Нет, не Чичерин, а Зосима Петрович, восставший из праха и пришедший вот сюда, на генуэзскую площадь Феррари, говорил сейчас с Рербергом, стремясь досказать то, что недосказал в свое время.

— Мне это решение нелегко далось! — вырвалось у Рерберга.

Чичерин наклонил голову: мне казалось, что в его глазах, сейчас обращенных к свету, собралась боль.

— И все–таки, молодой человек, дайте себе труд подумать: правы ли вы? — сказал Чичерин и отвернулся.

Рерберг вышел.

Он вышел, так и не обнаружив, что невольной свидетельницей разговора стала и моя Мария.

Утром Чичерин уезжал на Фиуме. Он хотел уехать, не делая шума, но произошло событие, для него непредвиденное… Одним словом, едва рассвело, он явился комне. Он пришел ко мне, экипированный вполне — в одной руке у него был портфель, в другой браунинг.

Он поставил портфель и, обратив руку с пистолетом к свету, произнес, смущаясь:

— Как быть с этой штукой? Ведь я еду один. Наверно, надо взять ее. — Он переложил пистолет в другую руку. — Но, право, я никогда не имел с нею дела. — Он скосил глаза на пистолет. — Как вы полагаете: взять?

— Взять, конечно, Георгий Васильевич.

— Но, право, я не держал ее в руках… Как это… делается?

Я взял браунинг, извлек магазин с патронами, осторожно нажал на пусковой курок, клацнул раз другой, вложил магазин.

— Вот так, Георгий Васильевич.

— Ну что ж, тогда скажите мне «ни пуха», — произнес он, поспешно сунув пистолет в карман пальто.

— Ни пуха…

Он двинулся к выходу, и я долго видел, как он шел парковой дорожкой к автомобилю. Он дошел до середины дорожки и, неожиданно обернувшись, улыбнулся мне, осторожно положив руку на карман пальто, в котором лежал браунинг. Потом он заторопился к автомобилю, пошел быстро, чуть приподняв портфель, точно опасаясь, что он коснется земли. Карман, где лежал браунинг, набух — при ходьбе этот карман с пистолетом был неудобен, но Чичерин, казалось, не замечал этого…

ГИМНАСТЕРКА И ФРАК

Советского дипломата, защищавшего интересы молодой республики, — тогда ее было бы преждевременно назвать даже «страной–подростком», — можно уподобить отважному разведчику. Его засылали во вражеский тыл, чтобы вызнать тайны, разгадать злоумышленные секреты, обезопасить республику от козней, расшифровать шифры, выведать нечистые замыслы врага, изощренного как в коварных умолчаниях, в тонкой лести, так и в нападении из–за угла, не брезгующего и ударом в спину.
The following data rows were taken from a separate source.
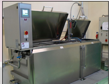
MA-1366 with opened lids and tread podium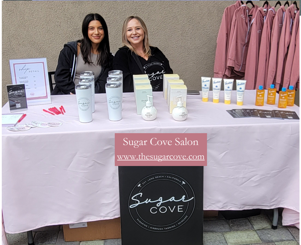
Sugar Cove Salon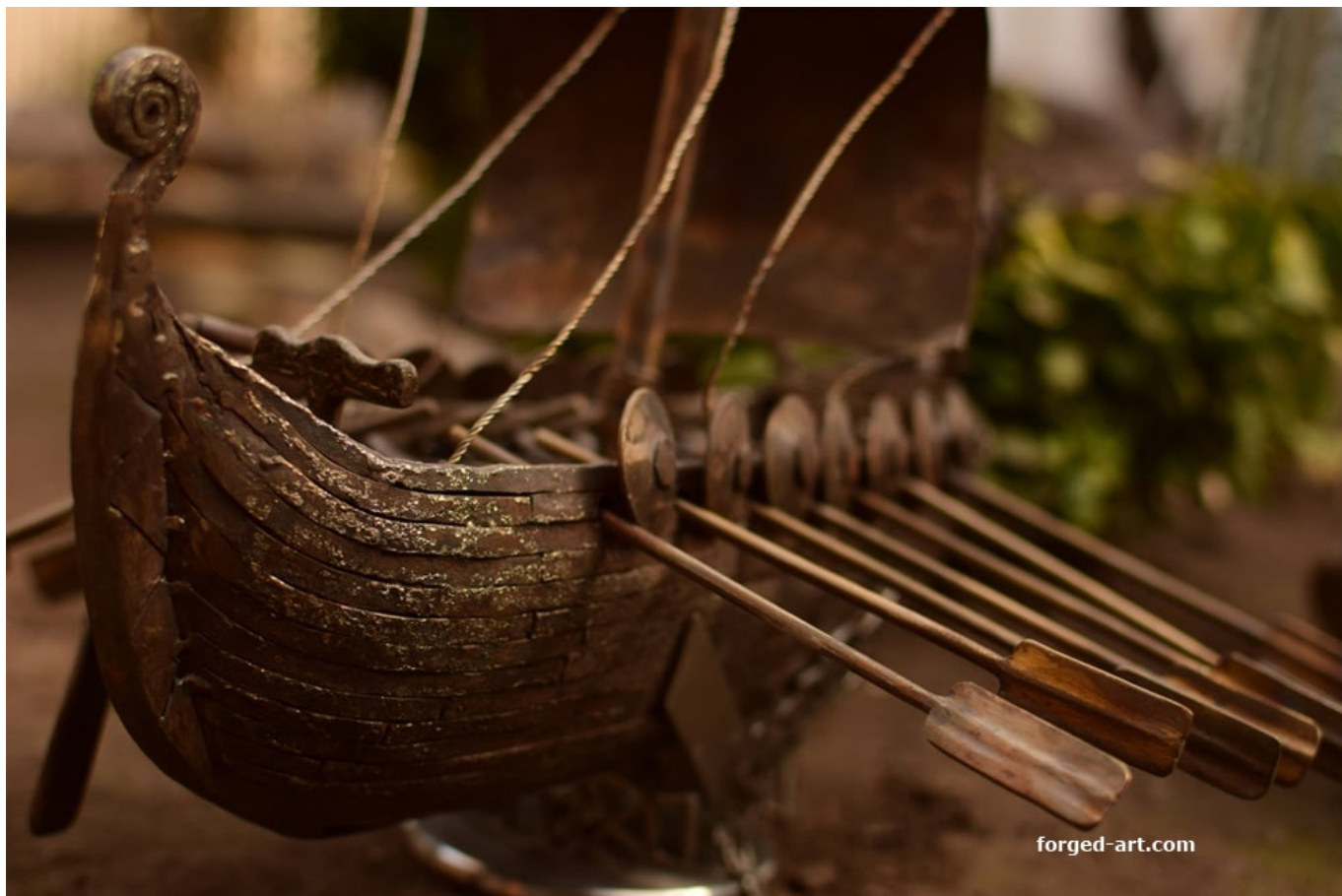
Stainless steel ships manufacturer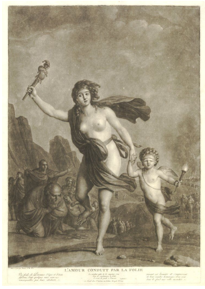
Figure 2.7: Cupid, blindfolded, led by a woman carrying a fool's bauble and personifying Madness, while in the background people are paying their homage to them. 1785 Mezzotint

( Figure 2.7 ), it is interesting to note that people depicted bowing to this pair, probably mocking the idea of making non rational impulses in to a virtues. Unlike Me, Myself and Irene , where love has a magical power to restore sanity, in Bug love is foolish and leads to madness and death, as in this fiction rationality and objective results, not a metaphysical "righteousness" is main factor that separates good from evil and sanity from insanity.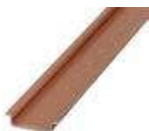
DIN rail, material: Copper, unperforated, height 7.5 mm, width 35 mm, length: 2 m

DIN rail - NS 35/ 7,5 CU UNPERF 2000MM - 0801762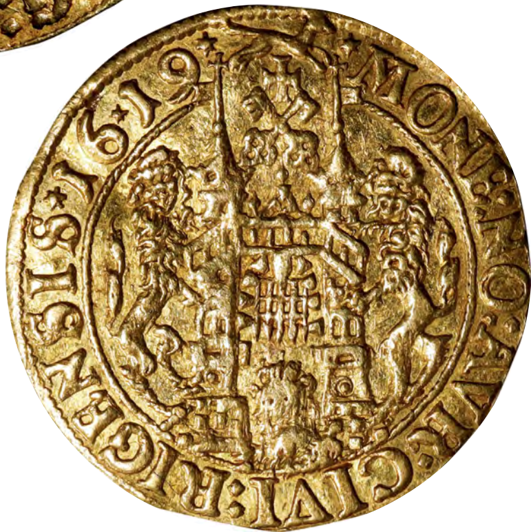
LIVONIA. DUCAT, 1619. RIGA MINT. SIGISMUND III. PCGS AU-58.

Савва Дангулов со стойкой преданностью пишет о первых советских дипломатах. Подчас они вели дуэли без всяких секундантов, дуэли можно назвать кровопролитными, поскольку за этими поединками, схватками стояли десятки, сотни тысяч жизней, стояло само будущее республики в «тревожно и яростно неуправляемый год, когда все сорвалось с петель, все в плену сквозного ветра истории». А государственным флагом впервые в истории стало красное знамя, которое прославил Поэт — «взвитое красной ракетою, октябрьское руганное и пропетое, пробитое пулями знамя»!

Труд исследователя–историка счастливо обогатился личной перепиской, беседами С. Дангулова с дипломатами, политическими деятелями, зарубежными писателями, журналистами, очевидцами и участниками масштабных событий предвоенных, военных и послевоенных лет. Вот где истоки подкупающей достоверности обстановки, географической и календарной точности, независимо от того, где происходит действие — в полуголодном, тускло освещенном Петрограде, такой же Москве, в промерзших, заснеженных аллеях Сокольников, в не по–весеннему жаркой Генуе или в туманном Лондоне, в Христиании (Осло) или в международном экспрессе, пересекающем Европу, Ощущаешь, какие трудоемкие поиски «единого слова ради» пришлось провести автору, он «перелопатил» «тысячи тонн словесной руды»…

Только настойчивые поиски драгоценных примет времени помогают художнику распознать самое характерное, красноречивое. Мало внимательно перелистать старые провинциальные газеты, которые автору собрали его итальянские друзья, генуэзские газетчики. Насколько важнее сделать своеобразные микрооткрытия документального характера!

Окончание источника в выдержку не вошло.